J’ai emménagé dans un quartier calme et chaleureux, où les gens semblaient liés les uns aux autres, mais M. White, mon voisin, était différent. Il avait emménagé trois ans auparavant et restait réservé, timide et maladroit, à peine réceptif à mes tentatives de bienvenue. Malgré son comportement étrange, je m’efforçais de lui témoigner de la gentillesse, échangeant des sourires et quelques mots, et je remarquais peu à peu la présence de son chat Jasper, apparemment son seul véritable compagnon. Avec le temps, je m’habituais à ses routines silencieuses, le voyant parfois faire un signe de la main ou sourire brièvement avant de se retirer dans sa maison.
Un soir, M. White me demanda de m’occuper de Jasper pendant qu’il partait précipitamment pour un voyage d’affaires. Il paraissait fragile, nerveux, et je me sentis obligée de l’aider, prenant le chat avec sa cage et ses affaires pendant qu’il disparaissait en hâte. Les jours passèrent sans nouvelles de lui, et mon inquiétude grandissait. Jasper, agité et attentif à la maison vide en face, semblait sentir que quelque chose n’allait pas. Mon anxiété monta au point que j’appelai la police pour enquêter sur M. White – seulement pour découvrir que sa maison était vide, les services coupés et les armoires vidées. Il était porté disparu, mais aucun signe de crime ne subsistait.

En donnant le bain à Jasper, je découvris une petite pochette cachée sur son collier, contenant une clé en argent et un mot m’indiquant un appartement. Le message laissait entendre qu’une vérité longtemps cachée allait enfin se révéler. Nerveusement, je suivis les instructions menant à l’appartement et trouvai des murs couverts de photographies de moi dans des lieux publics, ainsi que des lettres laissant entendre que j’étais observée. Choquée et terrifiée, je composai immédiatement le numéro d’urgence. La police arriva rapidement, mais découvrit bientôt des documents prouvant que M. White n’était pas la personne qu’il prétendait être.

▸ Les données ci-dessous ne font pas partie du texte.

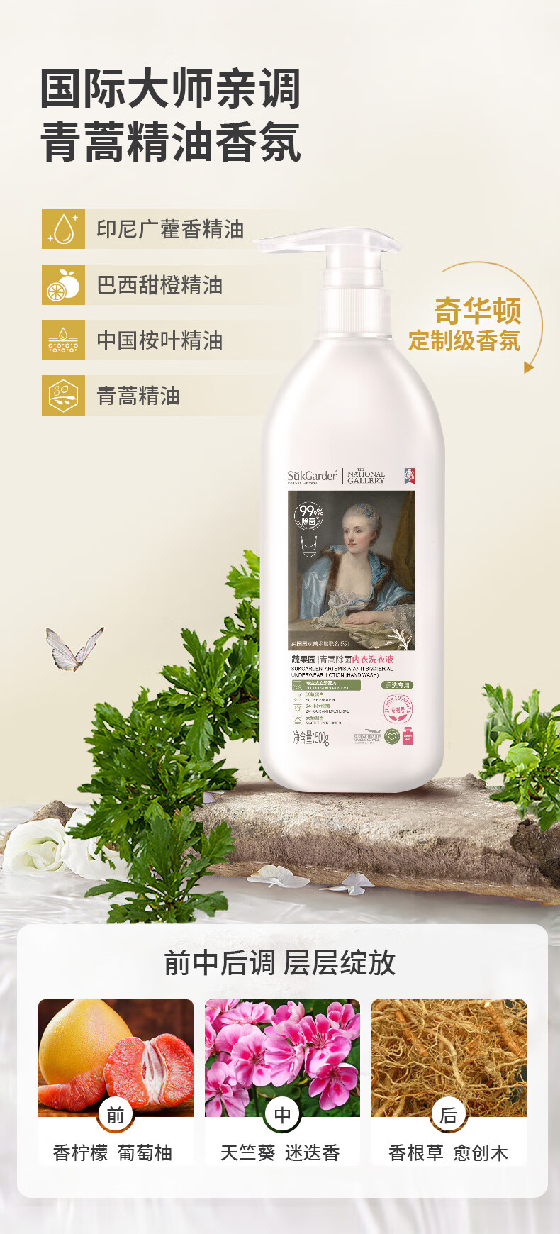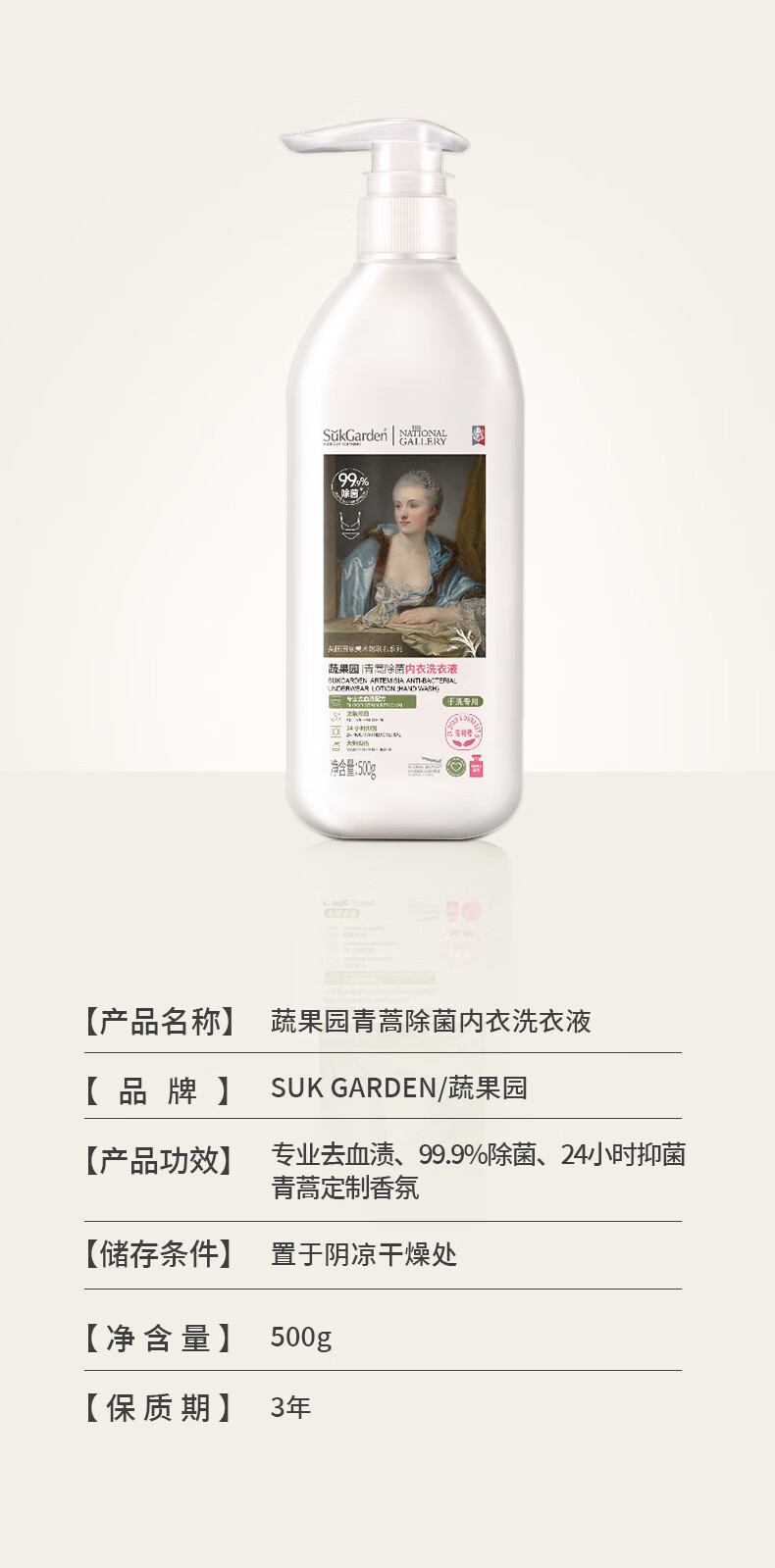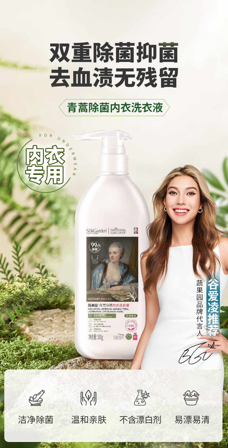 蔬果园内衣洗衣液500g长效菌抑温和亲肤内衣裤专用青蒿除菌内衣清洗液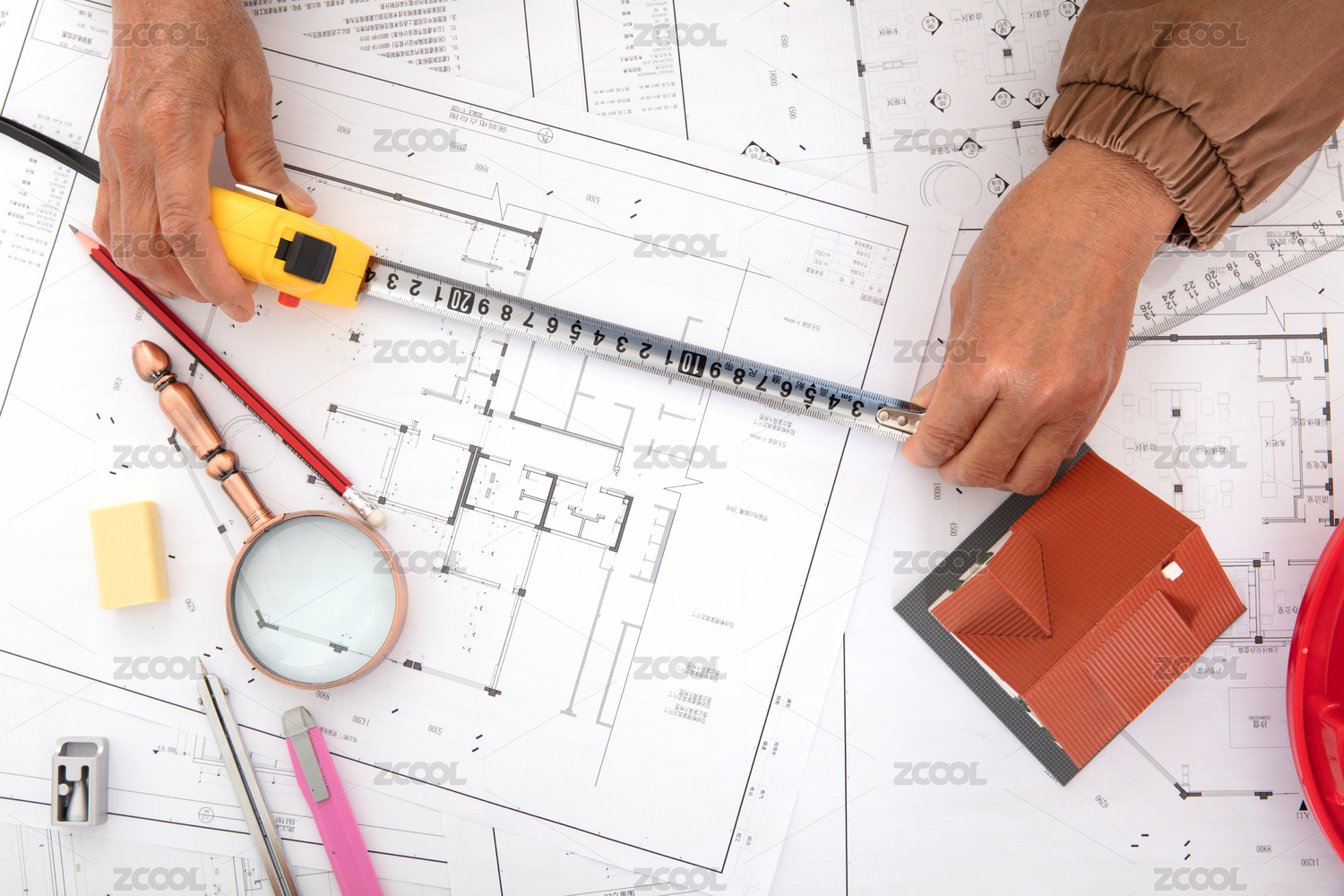 俯视拍摄建筑设计师使用卷尺测量图纸的精度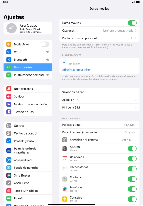 Pulsa el indicador junto a "Datos móviles" para activar o desactivar la función.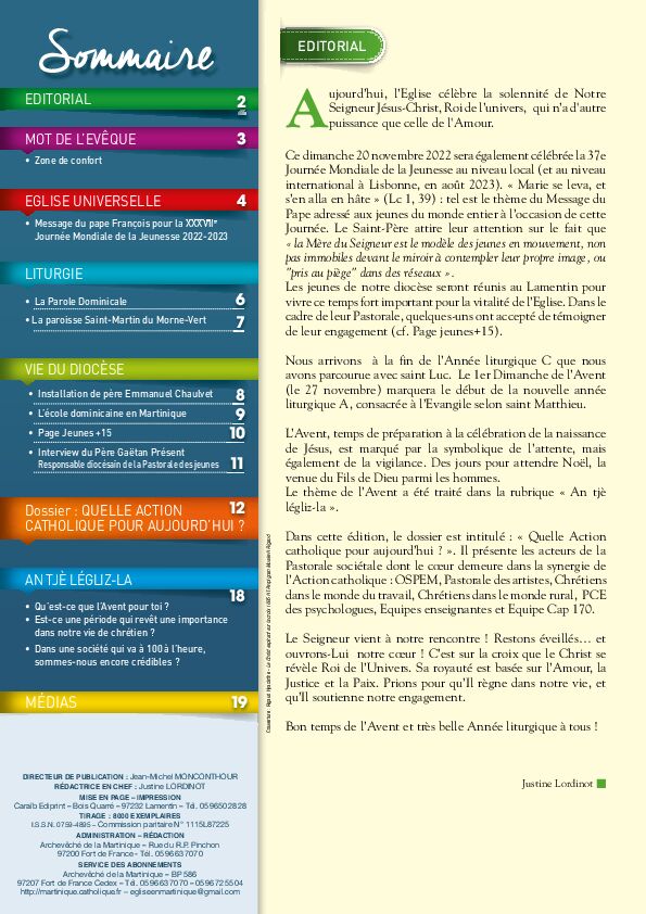 I.S.S.N. 0759-4895 – Commission paritaire N° 1115L87225 ADMINISTRATION – RÉDACTION Archevêché de la Martinique – Rue du R.P. Pinchon 97200 Fort de France - Tél. 05 96 63 70 70

À travers des actes de naissance, des lettres et des dossiers médicaux, je découvris la vérité : M. White était en réalité Daniel, mon frère disparu depuis longtemps, dont j’avais été séparée à la naissance. Les photos ne montraient pas une personne qui me traquait, mais un frère cherchant sa sœur. Daniel venait de rejoindre récemment un centre de soins palliatifs, ce qui expliquait son départ soudain. Tout ce qui semblait suspect n’était en fait que sa manière prudente d’entrer en contact, Jasper servant de messager. Cette révélation transforma ma peur en soulagement et en une profonde gratitude pour avoir retrouvé un membre de ma famille dont j’ignorais l’existence.

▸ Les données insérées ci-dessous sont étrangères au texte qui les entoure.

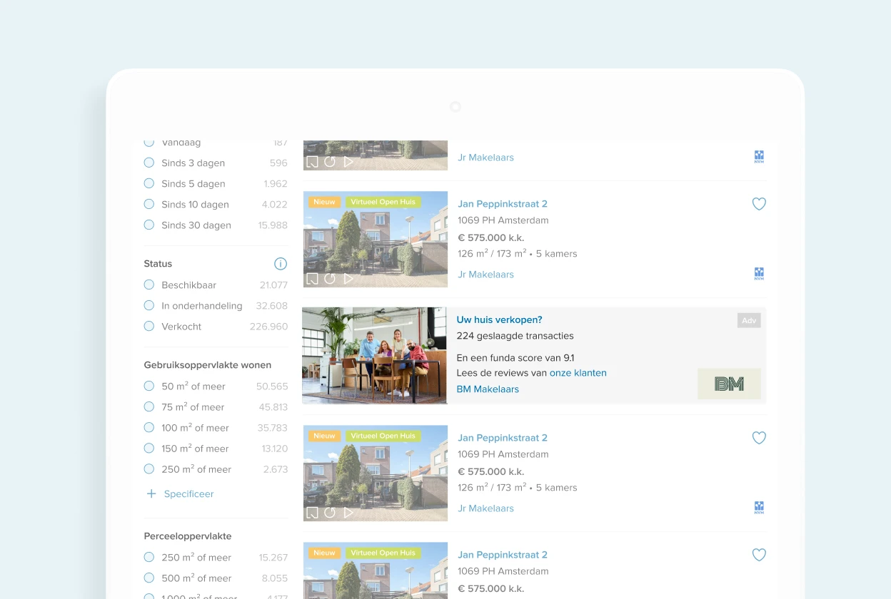 Na de lancering analyseert funda samen met jou de resultaten van de campagne. Sef: ‘Loopt de advertentie minder goed dan verwacht, dan helpen we om 'm beter te maken. We kunnen advertenties met verschillende foto’s of teksten tegelijkertijd testen, zodat we zien wat het best werkt.’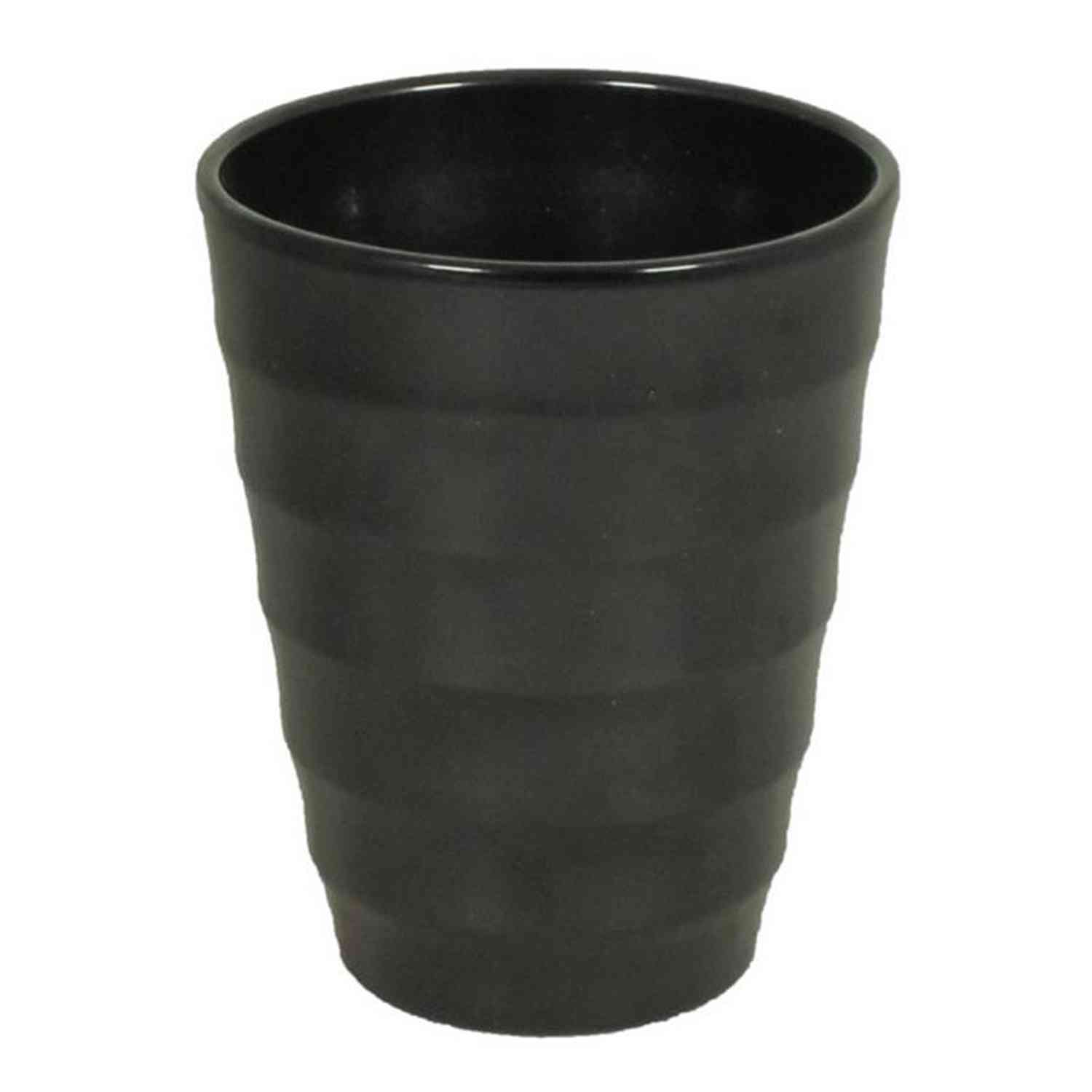 Jarrón para orquídeas IZEH de cerámica en color negro con un diámetro de aprox. 14 cm y una altura de aprox. 17 cm.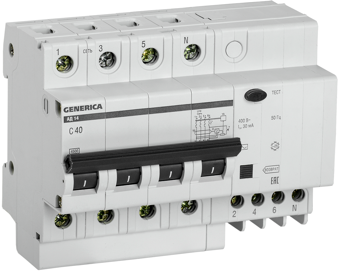 Дифференциальный автомат АД14 4Р 40А 30мА GENERICA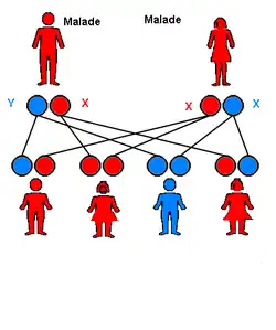 - toutes les filles seront malades, car leur père leur transmet obligatoirement le X, porteur de la maladie.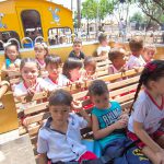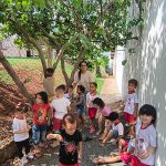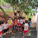 Na roda de conversa, convidamos as crianças a um passeio pelas ruas da cidade para conhecerem melhor o bairro onde fica localizada a escola, o que iriam encontrar durante o passeio, explicamos que iriamos observar as plantas, árvores, flores, pássaros e qualquer coisa da natureza. Pedi para observarem as árvores, suas folhas e cores, deixei-as tocar na casca e nas folhas (com cuidado para respeitar as plantas). Se apareceu alguma borboleta ou pássaro e o que eles acham desses seres vivos, expliquei que os animais são importantes para o meio ambiente. Sentimos o cheiro das plantas, estava chovendo no dia do nosso passeio, chamei-os atenção para sentirmos o cheiro da terra molhada, o que acharam do aroma. Aproveitei para alertar sobre a importância do cuidado em manter o espaço limpo, não jogar lixo no chão.

Je me précipitai à l’établissement de soins, le cœur battant, et trouvai Daniel reposant calmement. Je pris sa main et lui dis que j’étais là, submergée par les retrouvailles après des décennies de séparation. Il confessa qu’il aurait voulu me révéler sa présence plus tôt, mais qu’il avait trop peur, et que Jasper avait transmis le message à sa manière. Pour la première fois de ma vie, je n’étais pas seule ; j’étais la sœur et la protectrice de quelqu’un. Tout ce qui comptait, c’était que nous nous soyons enfin retrouvés, et que ce lien longtemps perdu puisse recommencer à se reconstruire.